§ **EXERCISE DETAILS**:
Only one stretch of the records below is wanted: the lines from the one holding "Укороченные однотонные брюки" through the one holding "İstanbul Büyükşehir Belediyesi’ne". Return it exactly, both ends included.

§ **Source data**:

.....

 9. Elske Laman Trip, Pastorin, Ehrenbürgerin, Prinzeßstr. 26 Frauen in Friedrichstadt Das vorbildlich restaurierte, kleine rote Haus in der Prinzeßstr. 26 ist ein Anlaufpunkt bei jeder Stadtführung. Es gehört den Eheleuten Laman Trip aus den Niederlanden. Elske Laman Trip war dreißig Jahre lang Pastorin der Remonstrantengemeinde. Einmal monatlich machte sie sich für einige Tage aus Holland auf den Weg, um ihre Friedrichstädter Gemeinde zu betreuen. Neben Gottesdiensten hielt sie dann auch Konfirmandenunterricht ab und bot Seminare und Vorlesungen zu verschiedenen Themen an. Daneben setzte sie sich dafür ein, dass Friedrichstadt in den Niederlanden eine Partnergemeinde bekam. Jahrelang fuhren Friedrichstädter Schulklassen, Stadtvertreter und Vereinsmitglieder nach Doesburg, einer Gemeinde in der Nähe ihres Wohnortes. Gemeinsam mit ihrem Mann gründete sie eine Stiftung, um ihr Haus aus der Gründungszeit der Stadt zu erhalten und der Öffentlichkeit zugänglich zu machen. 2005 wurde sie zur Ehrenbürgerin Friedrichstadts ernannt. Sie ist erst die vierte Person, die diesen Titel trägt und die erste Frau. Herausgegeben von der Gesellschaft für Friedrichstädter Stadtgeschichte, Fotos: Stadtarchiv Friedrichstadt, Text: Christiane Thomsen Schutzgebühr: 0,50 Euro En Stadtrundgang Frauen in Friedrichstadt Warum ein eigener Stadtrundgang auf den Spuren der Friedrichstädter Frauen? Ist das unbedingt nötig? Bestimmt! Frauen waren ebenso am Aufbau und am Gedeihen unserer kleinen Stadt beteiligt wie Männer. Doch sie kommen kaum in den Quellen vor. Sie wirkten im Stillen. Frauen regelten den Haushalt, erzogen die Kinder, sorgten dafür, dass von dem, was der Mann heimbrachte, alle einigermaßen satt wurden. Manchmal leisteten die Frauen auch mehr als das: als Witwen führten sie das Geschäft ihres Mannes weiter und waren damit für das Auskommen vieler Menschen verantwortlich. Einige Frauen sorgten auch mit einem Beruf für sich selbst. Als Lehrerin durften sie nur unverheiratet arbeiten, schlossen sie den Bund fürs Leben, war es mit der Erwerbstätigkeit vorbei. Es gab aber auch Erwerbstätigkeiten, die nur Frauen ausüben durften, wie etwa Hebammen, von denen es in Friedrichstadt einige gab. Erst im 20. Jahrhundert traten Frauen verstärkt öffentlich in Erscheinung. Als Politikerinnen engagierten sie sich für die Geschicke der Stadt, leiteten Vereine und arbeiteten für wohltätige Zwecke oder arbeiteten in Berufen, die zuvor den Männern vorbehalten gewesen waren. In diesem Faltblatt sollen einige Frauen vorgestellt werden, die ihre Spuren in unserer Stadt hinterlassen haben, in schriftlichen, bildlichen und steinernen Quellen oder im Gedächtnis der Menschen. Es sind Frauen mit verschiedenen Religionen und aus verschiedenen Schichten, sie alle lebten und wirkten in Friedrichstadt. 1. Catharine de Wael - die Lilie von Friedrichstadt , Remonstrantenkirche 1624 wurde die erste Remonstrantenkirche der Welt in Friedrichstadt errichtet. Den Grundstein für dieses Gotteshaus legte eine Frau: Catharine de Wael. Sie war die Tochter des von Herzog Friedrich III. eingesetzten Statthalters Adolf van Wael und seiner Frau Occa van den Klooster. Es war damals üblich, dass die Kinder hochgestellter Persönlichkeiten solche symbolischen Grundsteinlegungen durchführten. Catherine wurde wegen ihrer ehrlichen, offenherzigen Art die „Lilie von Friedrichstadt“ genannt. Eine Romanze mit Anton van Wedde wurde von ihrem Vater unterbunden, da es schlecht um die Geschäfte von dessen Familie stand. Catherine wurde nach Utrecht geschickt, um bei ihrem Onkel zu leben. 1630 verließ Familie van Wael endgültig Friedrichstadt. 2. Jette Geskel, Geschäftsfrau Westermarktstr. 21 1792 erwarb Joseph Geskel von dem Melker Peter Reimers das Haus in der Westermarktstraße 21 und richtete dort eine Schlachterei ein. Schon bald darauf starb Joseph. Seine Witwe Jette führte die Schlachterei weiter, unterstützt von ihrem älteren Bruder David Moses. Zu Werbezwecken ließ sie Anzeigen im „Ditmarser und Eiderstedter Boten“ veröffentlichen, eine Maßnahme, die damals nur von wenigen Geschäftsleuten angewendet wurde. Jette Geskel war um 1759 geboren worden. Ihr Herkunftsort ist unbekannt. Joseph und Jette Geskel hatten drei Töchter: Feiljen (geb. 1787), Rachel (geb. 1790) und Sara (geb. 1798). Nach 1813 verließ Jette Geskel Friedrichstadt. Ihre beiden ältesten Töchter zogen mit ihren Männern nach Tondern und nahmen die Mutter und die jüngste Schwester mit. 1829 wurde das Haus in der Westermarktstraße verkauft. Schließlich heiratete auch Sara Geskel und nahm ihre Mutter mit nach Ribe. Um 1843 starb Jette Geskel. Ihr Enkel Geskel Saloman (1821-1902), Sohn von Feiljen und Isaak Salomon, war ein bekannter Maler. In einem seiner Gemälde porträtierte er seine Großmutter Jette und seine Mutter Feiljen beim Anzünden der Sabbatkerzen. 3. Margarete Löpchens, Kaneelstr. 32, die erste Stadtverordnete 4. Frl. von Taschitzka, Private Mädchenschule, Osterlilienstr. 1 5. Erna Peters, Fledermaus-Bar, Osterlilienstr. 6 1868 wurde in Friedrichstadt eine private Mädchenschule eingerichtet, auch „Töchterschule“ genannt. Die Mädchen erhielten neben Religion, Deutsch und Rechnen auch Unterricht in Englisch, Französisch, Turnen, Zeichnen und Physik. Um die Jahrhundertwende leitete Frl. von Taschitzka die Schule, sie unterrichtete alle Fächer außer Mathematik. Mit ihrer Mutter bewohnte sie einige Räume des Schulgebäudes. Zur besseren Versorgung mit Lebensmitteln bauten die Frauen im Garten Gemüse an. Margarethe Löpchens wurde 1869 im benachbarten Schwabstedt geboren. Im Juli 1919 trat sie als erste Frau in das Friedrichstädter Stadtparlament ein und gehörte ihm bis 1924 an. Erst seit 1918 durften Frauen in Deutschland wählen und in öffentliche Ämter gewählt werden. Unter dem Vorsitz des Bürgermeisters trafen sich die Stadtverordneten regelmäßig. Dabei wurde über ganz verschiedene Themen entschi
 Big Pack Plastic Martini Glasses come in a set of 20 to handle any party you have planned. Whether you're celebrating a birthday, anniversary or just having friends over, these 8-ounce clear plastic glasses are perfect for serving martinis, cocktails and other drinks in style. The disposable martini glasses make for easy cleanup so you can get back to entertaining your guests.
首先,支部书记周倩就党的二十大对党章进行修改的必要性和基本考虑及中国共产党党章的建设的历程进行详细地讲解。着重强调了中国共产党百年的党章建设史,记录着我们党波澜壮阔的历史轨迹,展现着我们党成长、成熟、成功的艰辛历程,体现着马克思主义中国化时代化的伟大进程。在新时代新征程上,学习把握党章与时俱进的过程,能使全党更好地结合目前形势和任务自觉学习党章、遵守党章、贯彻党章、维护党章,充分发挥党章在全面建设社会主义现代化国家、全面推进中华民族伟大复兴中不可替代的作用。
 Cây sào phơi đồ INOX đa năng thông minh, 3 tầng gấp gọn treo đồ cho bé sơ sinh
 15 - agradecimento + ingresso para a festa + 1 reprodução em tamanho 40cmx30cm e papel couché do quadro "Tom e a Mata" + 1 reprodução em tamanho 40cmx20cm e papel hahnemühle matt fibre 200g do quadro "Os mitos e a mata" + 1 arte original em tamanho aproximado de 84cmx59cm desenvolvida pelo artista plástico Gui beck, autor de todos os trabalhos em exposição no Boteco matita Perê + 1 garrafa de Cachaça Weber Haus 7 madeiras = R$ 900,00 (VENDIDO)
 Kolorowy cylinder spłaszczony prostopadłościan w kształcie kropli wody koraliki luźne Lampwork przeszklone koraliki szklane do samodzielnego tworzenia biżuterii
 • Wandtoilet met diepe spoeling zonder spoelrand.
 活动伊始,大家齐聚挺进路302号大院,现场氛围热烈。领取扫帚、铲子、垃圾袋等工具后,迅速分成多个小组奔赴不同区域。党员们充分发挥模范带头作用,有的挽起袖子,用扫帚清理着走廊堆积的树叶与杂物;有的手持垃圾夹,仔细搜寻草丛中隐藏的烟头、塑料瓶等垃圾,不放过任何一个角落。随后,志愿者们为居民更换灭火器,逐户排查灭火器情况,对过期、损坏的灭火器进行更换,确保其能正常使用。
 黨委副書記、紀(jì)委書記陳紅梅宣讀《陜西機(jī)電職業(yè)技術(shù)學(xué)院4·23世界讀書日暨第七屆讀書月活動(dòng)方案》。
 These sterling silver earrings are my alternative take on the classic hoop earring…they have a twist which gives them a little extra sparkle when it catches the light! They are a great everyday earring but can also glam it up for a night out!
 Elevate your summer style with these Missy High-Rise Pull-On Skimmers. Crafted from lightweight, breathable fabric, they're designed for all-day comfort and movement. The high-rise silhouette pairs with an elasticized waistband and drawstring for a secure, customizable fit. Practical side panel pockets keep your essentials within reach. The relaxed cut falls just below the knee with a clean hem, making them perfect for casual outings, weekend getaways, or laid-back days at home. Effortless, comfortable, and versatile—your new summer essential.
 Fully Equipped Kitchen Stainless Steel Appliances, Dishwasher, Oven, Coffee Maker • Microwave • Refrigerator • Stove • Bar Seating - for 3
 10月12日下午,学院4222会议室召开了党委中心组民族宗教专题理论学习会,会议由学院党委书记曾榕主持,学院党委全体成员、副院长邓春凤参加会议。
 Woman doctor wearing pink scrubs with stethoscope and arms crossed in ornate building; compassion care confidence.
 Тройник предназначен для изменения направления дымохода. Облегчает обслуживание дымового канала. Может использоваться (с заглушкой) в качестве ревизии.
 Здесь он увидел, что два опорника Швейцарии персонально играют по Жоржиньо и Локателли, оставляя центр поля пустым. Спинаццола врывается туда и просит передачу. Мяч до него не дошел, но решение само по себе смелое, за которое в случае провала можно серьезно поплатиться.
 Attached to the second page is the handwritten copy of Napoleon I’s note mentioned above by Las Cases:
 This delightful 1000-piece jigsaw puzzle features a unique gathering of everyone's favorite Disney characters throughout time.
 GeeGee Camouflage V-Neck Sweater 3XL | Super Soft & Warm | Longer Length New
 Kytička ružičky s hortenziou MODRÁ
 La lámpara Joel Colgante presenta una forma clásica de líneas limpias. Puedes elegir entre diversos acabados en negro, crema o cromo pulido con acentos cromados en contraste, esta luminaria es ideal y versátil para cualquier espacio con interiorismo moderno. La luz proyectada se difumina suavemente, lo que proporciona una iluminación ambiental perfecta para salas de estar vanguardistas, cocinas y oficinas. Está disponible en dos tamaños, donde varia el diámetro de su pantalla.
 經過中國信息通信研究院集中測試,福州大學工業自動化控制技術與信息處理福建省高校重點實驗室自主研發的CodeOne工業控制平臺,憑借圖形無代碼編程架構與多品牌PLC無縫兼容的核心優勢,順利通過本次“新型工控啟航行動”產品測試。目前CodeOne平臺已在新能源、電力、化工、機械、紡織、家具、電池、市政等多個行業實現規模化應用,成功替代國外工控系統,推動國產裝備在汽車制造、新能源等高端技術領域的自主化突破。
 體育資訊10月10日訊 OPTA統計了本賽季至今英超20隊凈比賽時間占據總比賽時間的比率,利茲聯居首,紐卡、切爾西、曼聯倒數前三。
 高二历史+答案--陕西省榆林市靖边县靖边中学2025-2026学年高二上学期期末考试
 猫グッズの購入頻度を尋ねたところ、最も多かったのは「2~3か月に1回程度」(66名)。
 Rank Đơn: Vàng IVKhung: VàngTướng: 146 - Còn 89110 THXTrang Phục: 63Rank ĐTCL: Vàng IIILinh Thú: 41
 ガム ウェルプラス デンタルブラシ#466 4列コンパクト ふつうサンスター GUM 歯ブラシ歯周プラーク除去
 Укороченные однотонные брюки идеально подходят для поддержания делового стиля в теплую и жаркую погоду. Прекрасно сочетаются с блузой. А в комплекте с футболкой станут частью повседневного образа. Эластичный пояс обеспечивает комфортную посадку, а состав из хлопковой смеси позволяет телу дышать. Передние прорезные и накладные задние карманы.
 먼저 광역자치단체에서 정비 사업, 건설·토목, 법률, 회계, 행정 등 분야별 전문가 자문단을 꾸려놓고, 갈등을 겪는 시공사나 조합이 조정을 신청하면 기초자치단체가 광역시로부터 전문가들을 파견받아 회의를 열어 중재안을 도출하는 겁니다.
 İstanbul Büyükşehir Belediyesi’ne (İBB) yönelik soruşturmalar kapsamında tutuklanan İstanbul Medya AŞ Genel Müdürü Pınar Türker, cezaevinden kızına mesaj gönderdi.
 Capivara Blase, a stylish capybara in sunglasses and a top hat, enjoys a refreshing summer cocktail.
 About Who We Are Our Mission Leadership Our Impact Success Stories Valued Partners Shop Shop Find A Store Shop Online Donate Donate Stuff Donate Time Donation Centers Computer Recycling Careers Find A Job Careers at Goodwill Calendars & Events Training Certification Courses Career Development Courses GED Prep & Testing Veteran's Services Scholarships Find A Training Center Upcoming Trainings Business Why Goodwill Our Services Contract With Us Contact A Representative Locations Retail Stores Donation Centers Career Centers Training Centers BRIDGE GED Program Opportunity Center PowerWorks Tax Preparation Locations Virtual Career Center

.....

§ **TASK RESPONSE**:
 Укороченные однотонные брюки идеально подходят для поддержания делового стиля в теплую и жаркую погоду. Прекрасно сочетаются с блузой. А в комплекте с футболкой станут частью повседневного образа. Эластичный пояс обеспечивает комфортную посадку, а состав из хлопковой смеси позволяет телу дышать. Передние прорезные и накладные задние карманы.
 먼저 광역자치단체에서 정비 사업, 건설·토목, 법률, 회계, 행정 등 분야별 전문가 자문단을 꾸려놓고, 갈등을 겪는 시공사나 조합이 조정을 신청하면 기초자치단체가 광역시로부터 전문가들을 파견받아 회의를 열어 중재안을 도출하는 겁니다.
 İstanbul Büyükşehir Belediyesi’ne (İBB) yönelik soruşturmalar kapsamında tutuklanan İstanbul Medya AŞ Genel Müdürü Pınar Türker, cezaevinden kızına mesaj gönderdi.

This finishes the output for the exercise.